Algorithm in Programming

In programming, algorithms are the set of well defined instruction in sequence to solve a program. An algorithm should always have a clear stopping point.

Qualities of a good algorithm

Inputs and outputs should be defined precisely.

Each step in algorithm should be clear and unambiguous.

Algorithm should be most effective among many different ways to solve a problem.

An algorithm shouldn't have computer code. Instead, the algorithm should be written in such a way that, it can be used in similar programming languages.

Examples Of Algorithms In Programming

Write an algorithm to add two numbers entered by user.

Step 1: Start

Step 2: Declare variables num1, num2 and sum.

Step 3: Read values num1 and num2.

Step 4: Add num1 and num2 and assign the result to sum.

sum←num1+num2

Step 5: Display sum

Step 6: Stop

Write an algorithm to find the largest among three different numbers entered by user.

Step 1: Start

Step 2: Declare variables a,b and c.

Step 3: Read variables a,b and c.

Step 4: If a>b

If a>c

Display a is the largest number.

Else

Display c is the largest number.

Else

If b>c

Display b is the largest number.

Else

Display c is the greatest number.

Step 5: Stop

Write an algorithm to find all roots of a quadratic equation ax2+bx+c=0.

Step 1: Start

Step 2: Declare variables a, b, c, D, x1, x2, rp and ip;

Step 3: Calculate discriminant

D←b2-4ac

Step 4: If D≥0

r1←(-b+√D)/2a

r2←(-b-√D)/2a

Display r1 and r2 as roots.

Else

Calculate real part and imaginary part

rp←b/2a

ip←√(-D)/2a

Display rp+j(ip) and rp-j(ip) as roots

Step 5: Stop

Write an algorithm to find the factorial of a number entered by user.

Step 1: Start

Step 2: Declare variables n,factorial and i.

Step 3: Initialize variables

factorial←1

i←1

Step 4: Read value of n

Step 5: Repeat the steps until i=n

5.1: factorial←factorial*i

5.2: i←i+1

Step 6: Display factorial

Step 7: Stop

Write an algorithm to check whether a number entered by user is prime or not.

Step 1: Start

Step 2: Declare variables n,i,flag.

Step 3: Initialize variables

flag←1

i←2

Step 4: Read n from user.

Step 5: Repeat the steps until i<(n/2)

5.1 If remainder of n÷i equals 0

flag←0

Go to step 6

5.2 i←i+1

Step 6: If flag=0

Display n is not prime

else

Display n is prime

Step 7: Stop

Write an algorithm to find the Fibonacci series till term≤1000.

Step 1: Start

Step 2: Declare variables first_term,second_term and temp.

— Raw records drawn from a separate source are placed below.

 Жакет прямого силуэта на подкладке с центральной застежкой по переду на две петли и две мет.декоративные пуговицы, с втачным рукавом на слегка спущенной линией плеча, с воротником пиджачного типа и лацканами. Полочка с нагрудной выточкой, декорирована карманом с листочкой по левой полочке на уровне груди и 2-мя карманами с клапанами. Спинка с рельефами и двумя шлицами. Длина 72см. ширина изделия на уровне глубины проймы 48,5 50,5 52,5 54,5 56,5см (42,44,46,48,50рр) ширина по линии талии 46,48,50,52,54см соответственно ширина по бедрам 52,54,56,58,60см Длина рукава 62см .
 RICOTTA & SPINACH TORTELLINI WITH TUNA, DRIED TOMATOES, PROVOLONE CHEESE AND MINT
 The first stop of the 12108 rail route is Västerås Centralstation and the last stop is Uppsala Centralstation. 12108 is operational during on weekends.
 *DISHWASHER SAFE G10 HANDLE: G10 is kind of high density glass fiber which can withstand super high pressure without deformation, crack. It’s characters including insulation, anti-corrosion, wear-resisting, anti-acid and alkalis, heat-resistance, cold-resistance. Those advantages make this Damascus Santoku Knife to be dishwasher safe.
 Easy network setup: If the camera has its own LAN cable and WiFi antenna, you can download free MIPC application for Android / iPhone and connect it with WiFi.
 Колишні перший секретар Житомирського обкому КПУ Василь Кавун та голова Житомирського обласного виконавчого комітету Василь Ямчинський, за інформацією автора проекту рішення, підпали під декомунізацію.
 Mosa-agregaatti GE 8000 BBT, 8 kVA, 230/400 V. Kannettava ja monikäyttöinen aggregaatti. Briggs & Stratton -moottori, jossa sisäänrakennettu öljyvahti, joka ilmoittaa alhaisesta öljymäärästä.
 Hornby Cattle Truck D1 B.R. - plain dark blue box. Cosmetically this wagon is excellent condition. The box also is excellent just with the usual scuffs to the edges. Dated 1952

Step 3: Initialize variables first_term←0 second_term←1

Step 4: Display first_term and second_term

Step 5: Repeat the steps until second_term≤1000

5.1: temp←second_term

5.2: second_term←second_term+first term

5.3: first_term←temp

5.4: Display second_term

Step 6: Stop

Algorithm is not the computer code. Algorithms are just the instructions which give clear idea to you idea to write the computer code.